* _RECORD SET_
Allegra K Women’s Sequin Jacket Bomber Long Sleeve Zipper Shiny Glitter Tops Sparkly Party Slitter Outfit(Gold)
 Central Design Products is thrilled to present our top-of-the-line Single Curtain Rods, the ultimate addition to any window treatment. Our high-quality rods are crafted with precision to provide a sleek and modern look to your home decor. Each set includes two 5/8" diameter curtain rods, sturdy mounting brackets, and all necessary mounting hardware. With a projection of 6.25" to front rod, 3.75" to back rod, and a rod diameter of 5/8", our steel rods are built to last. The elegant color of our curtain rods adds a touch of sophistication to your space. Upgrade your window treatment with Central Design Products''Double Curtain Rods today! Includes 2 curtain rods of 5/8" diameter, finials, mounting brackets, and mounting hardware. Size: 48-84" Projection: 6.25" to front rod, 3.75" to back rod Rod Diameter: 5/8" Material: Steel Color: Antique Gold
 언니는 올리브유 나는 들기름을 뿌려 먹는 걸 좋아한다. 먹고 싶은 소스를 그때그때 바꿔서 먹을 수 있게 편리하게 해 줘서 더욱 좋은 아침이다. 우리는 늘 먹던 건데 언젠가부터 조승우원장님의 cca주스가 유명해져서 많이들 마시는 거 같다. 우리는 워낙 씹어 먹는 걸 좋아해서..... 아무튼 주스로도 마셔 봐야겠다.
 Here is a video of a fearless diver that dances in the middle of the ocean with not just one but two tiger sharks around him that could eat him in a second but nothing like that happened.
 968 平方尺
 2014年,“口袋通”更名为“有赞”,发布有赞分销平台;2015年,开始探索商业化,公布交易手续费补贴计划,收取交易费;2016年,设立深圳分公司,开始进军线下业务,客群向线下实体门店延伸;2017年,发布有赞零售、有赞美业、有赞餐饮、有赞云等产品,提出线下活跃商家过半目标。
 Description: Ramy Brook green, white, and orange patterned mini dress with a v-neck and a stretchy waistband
---
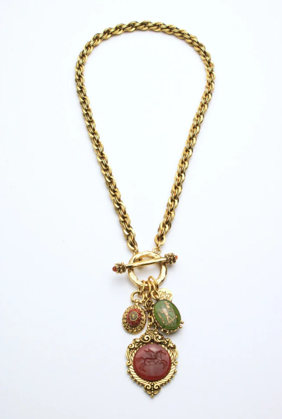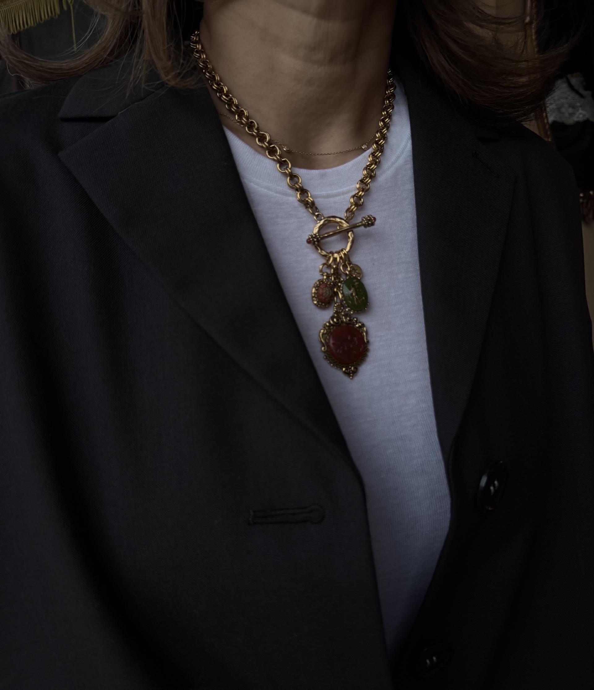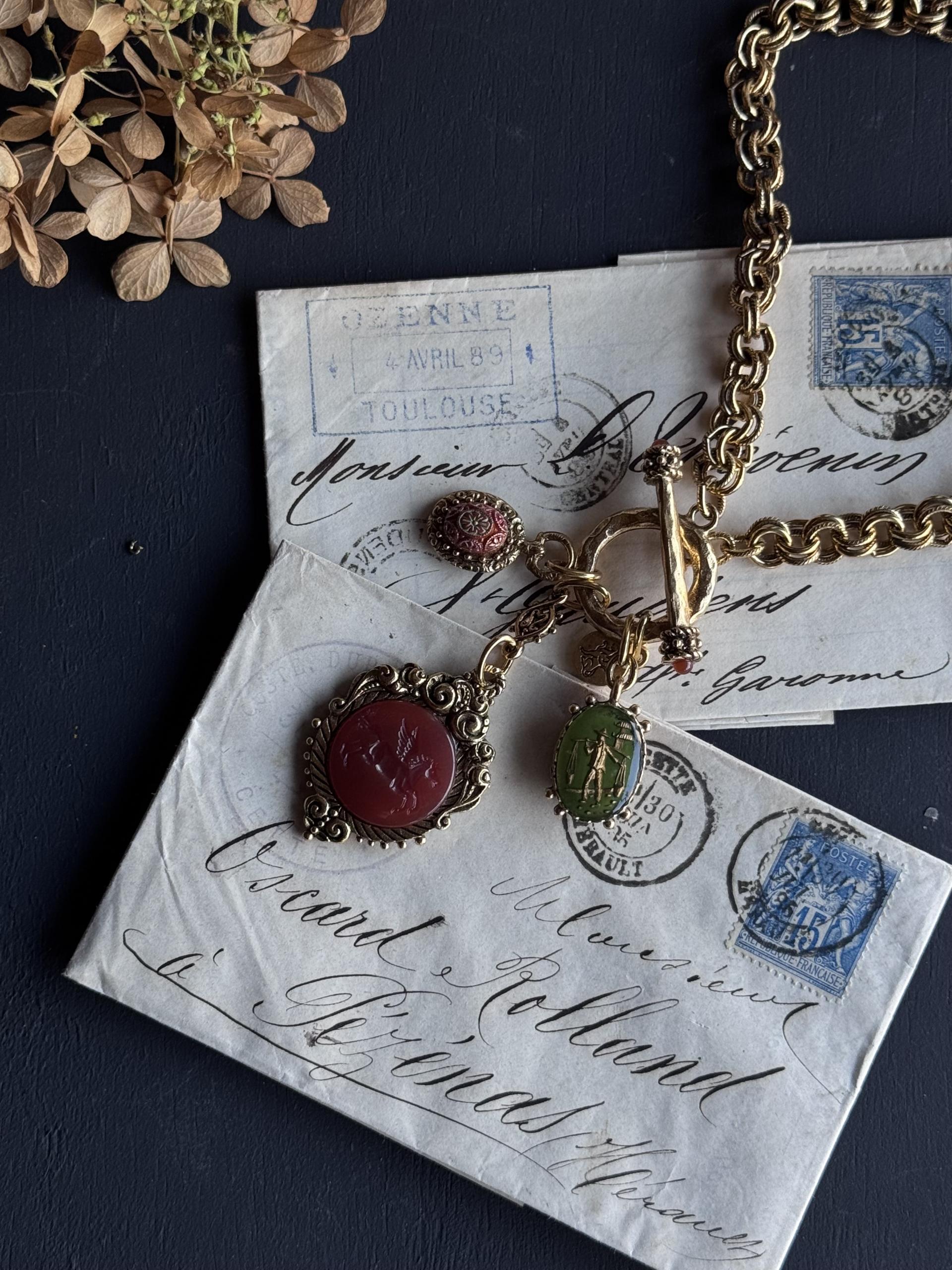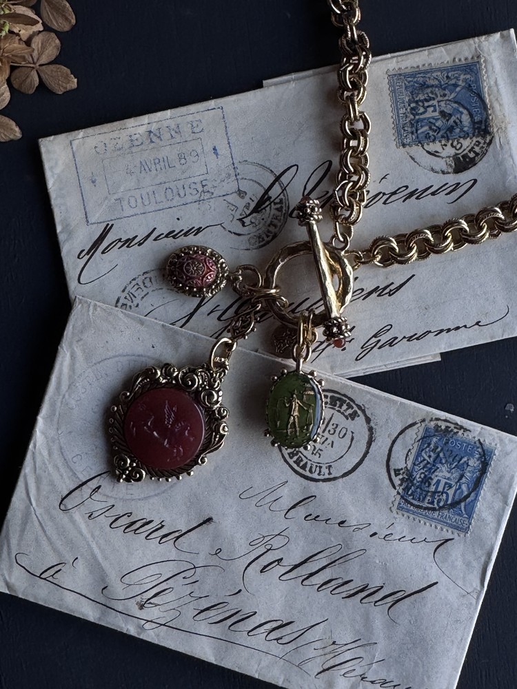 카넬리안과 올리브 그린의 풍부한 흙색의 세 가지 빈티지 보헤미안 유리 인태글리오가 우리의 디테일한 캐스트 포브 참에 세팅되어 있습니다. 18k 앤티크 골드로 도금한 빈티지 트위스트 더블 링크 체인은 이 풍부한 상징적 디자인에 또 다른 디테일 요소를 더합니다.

* _TASK OBJECTIVE_
The lines above, starting at the one with "Allegra K Women’s" and ending at the one with "Description: Ramy Brook", are the only ones to return, exactly as written.

* _SOLUTION TO THE PROBLEM_
Allegra K Women’s Sequin Jacket Bomber Long Sleeve Zipper Shiny Glitter Tops Sparkly Party Slitter Outfit(Gold)
 Central Design Products is thrilled to present our top-of-the-line Single Curtain Rods, the ultimate addition to any window treatment. Our high-quality rods are crafted with precision to provide a sleek and modern look to your home decor. Each set includes two 5/8" diameter curtain rods, sturdy mounting brackets, and all necessary mounting hardware. With a projection of 6.25" to front rod, 3.75" to back rod, and a rod diameter of 5/8", our steel rods are built to last. The elegant color of our curtain rods adds a touch of sophistication to your space. Upgrade your window treatment with Central Design Products''Double Curtain Rods today! Includes 2 curtain rods of 5/8" diameter, finials, mounting brackets, and mounting hardware. Size: 48-84" Projection: 6.25" to front rod, 3.75" to back rod Rod Diameter: 5/8" Material: Steel Color: Antique Gold
 언니는 올리브유 나는 들기름을 뿌려 먹는 걸 좋아한다. 먹고 싶은 소스를 그때그때 바꿔서 먹을 수 있게 편리하게 해 줘서 더욱 좋은 아침이다. 우리는 늘 먹던 건데 언젠가부터 조승우원장님의 cca주스가 유명해져서 많이들 마시는 거 같다. 우리는 워낙 씹어 먹는 걸 좋아해서..... 아무튼 주스로도 마셔 봐야겠다.
 Here is a video of a fearless diver that dances in the middle of the ocean with not just one but two tiger sharks around him that could eat him in a second but nothing like that happened.
 968 平方尺
 2014年,“口袋通”更名为“有赞”,发布有赞分销平台;2015年,开始探索商业化,公布交易手续费补贴计划,收取交易费;2016年,设立深圳分公司,开始进军线下业务,客群向线下实体门店延伸;2017年,发布有赞零售、有赞美业、有赞餐饮、有赞云等产品,提出线下活跃商家过半目标。
 Description: Ramy Brook green, white, and orange patterned mini dress with a v-neck and a stretchy waistband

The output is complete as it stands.